:: REQUIRED WORK ::
Only the lines below from the one that contains "Утрата любви или" through the one that contains "非常感谢今天有机会跟几位专家" should appear in your answer, exact and without pictures.

═══ LISTED RECORDS

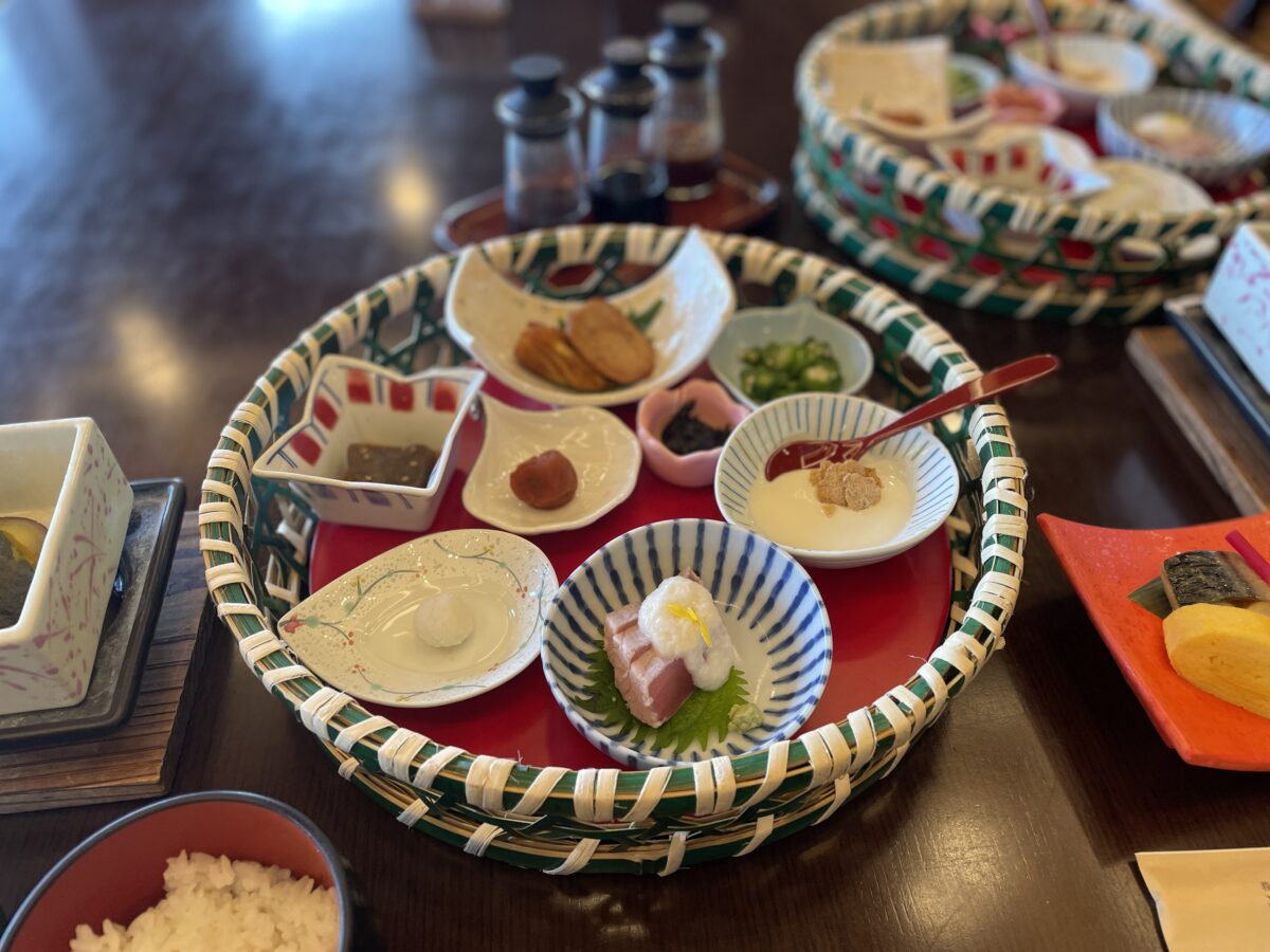 朝食は、体に優しい温野菜、焼き魚、鹿児島ならではの薩摩揚げなど、和食11品を楽しめる御膳。鹿児島旅行で薩摩揚げは意外と食べる機会がなかったので、ここで食べられて良かったです。
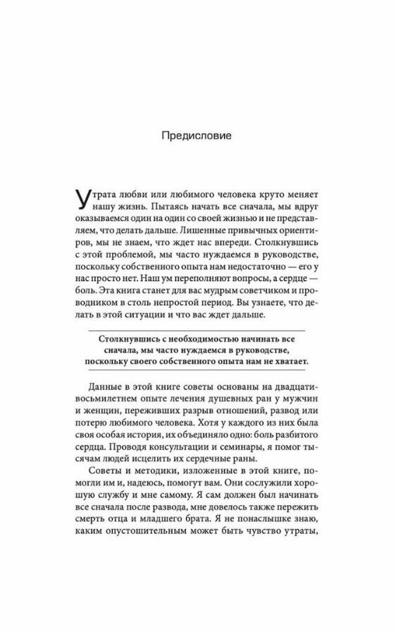 Утрата любви или любимого человека круто меняет нашу жизнь. Пытаясь начать все сначала, мы вдруг оказываемся один на один со своей жизнью и не представляем, что делать дальше... Столкнувшись с этой непростой проблемой, мы часто нуждаемся в руководстве, поскольку собственного опыта у нас просто нет. Наш ум переполняют вопросы, а сердце - боль. Эта книга станет для вас мудрым советчиком и проводником в столь трудный период. Исцеление душевных ран и подавленных чувств, без которого удача в новых отношениях практически нереальна, поможет вам выйти на новый уровень любви и полноты жизни.
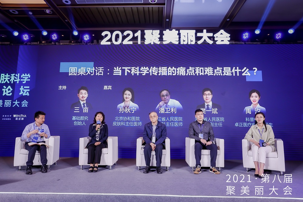 非常感谢今天有机会跟几位专家来请教,其实我本人也一直在做美妆护肤方面的科普工作。这几年随着物质消费升级,大众的消费越来越理性。特别受疫情影响,我们在各个平台上可以看到很多专家身影,在面对皮肤问题、选购相关护肤产品时,医生的专业意见也成为用户的重要信息参考之一。但是,现在网络上声音繁杂,科学传播会遇到一些阻碍和困难,这也是我们今天讨论的第一个环节。
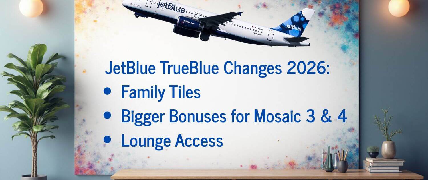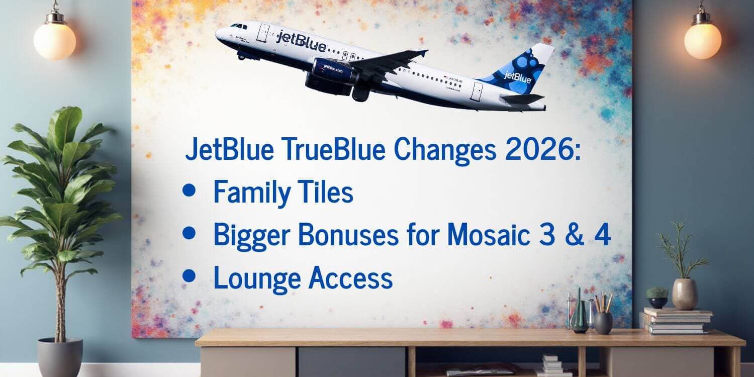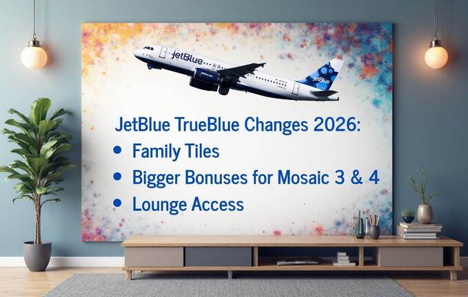 JetBlue is making some cool changes to its TrueBlue program in 2026 (official press release here). From February 1, 2026, if you’re a higher-level Mosaic member, you’ll get even more bonus points when you book flights directly with JetBlue. Also, your Mosaic perks will be good through January 31 each year, which is one month longer than before. They’re also adding a Family Tiles thing where kids’ tiles (if they’re 12 or under) can help adults in their group get status. Plus, Mosaic 4 members will get four Move to Mint certificates and free entry to JetBlue’s new BlueHouse lounge at JFK.
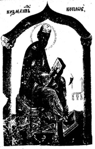 Рядом с нею можно, впрочем, поставить и попытки миниатюристов XV века создать портрет автора «Христианской топографии», Козьмы Индикоплова – рабское подражание изображениям евангелистов, даже с нимбом вокруг головы, хотя Козьма и не был причислен к лику святых.
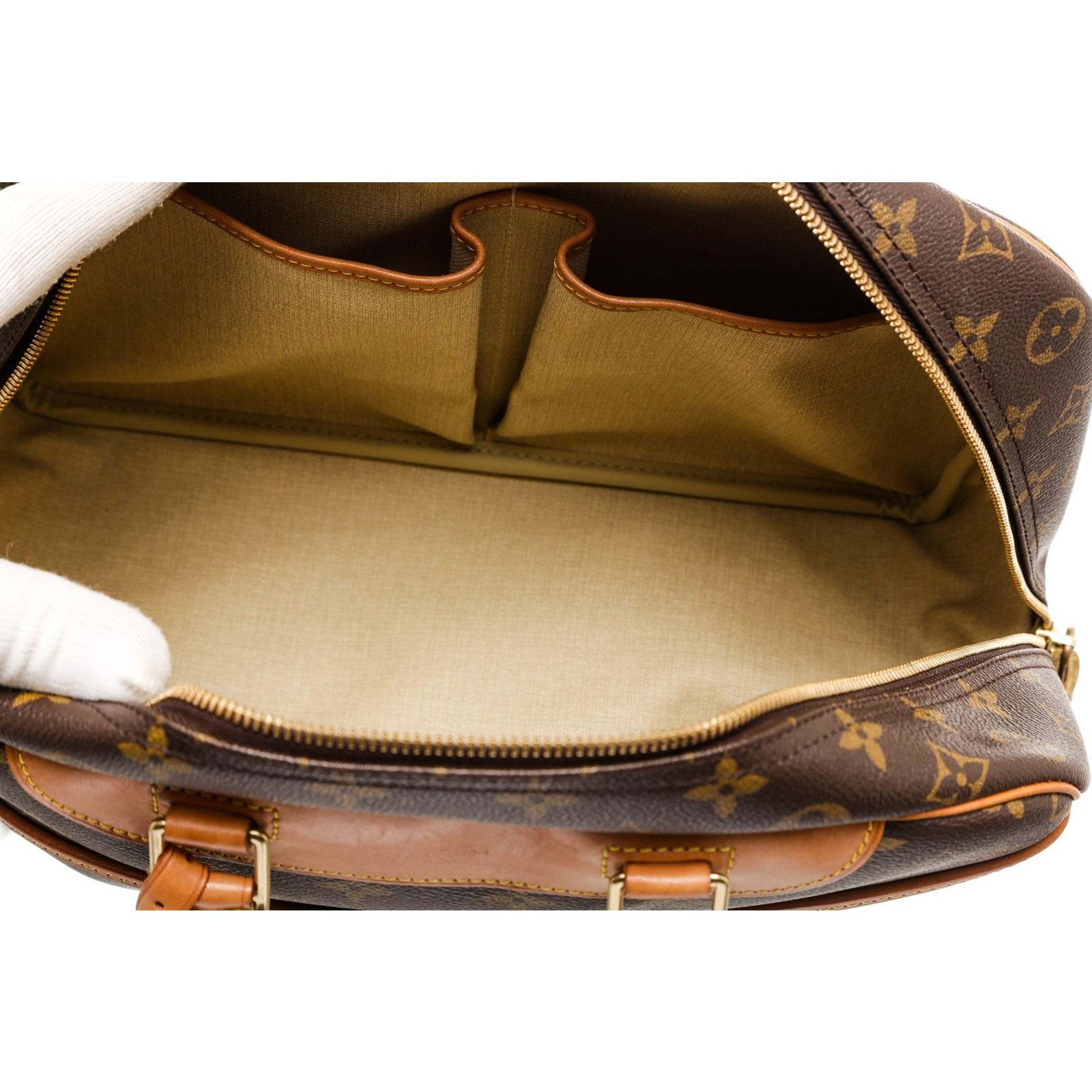 Description: Louis Vuitton Monogram Canvas Leather Deauville Doctor Bag. Brown and tan monogram coated canvas Louis Vuitton Deauville Bag with brass hardware, tan vachetta leather lining, dual rolled handles, single open compartment at exterior front, creme canvas lining, four open pockets at interior wall and two-way zip closures at top.
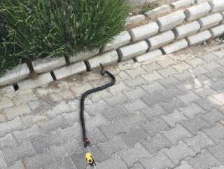 Boyu 1 metreden uzun olan yılan, kullanılan özel ekipmanla yakalandı. Yılanı fileye koyan itfaiyeciler, dağlık alana götürerek, doğaya saldı.

══════

:: WRITTEN ANSWER ::
 Утрата любви или любимого человека круто меняет нашу жизнь. Пытаясь начать все сначала, мы вдруг оказываемся один на один со своей жизнью и не представляем, что делать дальше... Столкнувшись с этой непростой проблемой, мы часто нуждаемся в руководстве, поскольку собственного опыта у нас просто нет. Наш ум переполняют вопросы, а сердце - боль. Эта книга станет для вас мудрым советчиком и проводником в столь трудный период. Исцеление душевных ран и подавленных чувств, без которого удача в новых отношениях практически нереальна, поможет вам выйти на новый уровень любви и полноты жизни.
 非常感谢今天有机会跟几位专家来请教,其实我本人也一直在做美妆护肤方面的科普工作。这几年随着物质消费升级,大众的消费越来越理性。特别受疫情影响,我们在各个平台上可以看到很多专家身影,在面对皮肤问题、选购相关护肤产品时,医生的专业意见也成为用户的重要信息参考之一。但是,现在网络上声音繁杂,科学传播会遇到一些阻碍和困难,这也是我们今天讨论的第一个环节。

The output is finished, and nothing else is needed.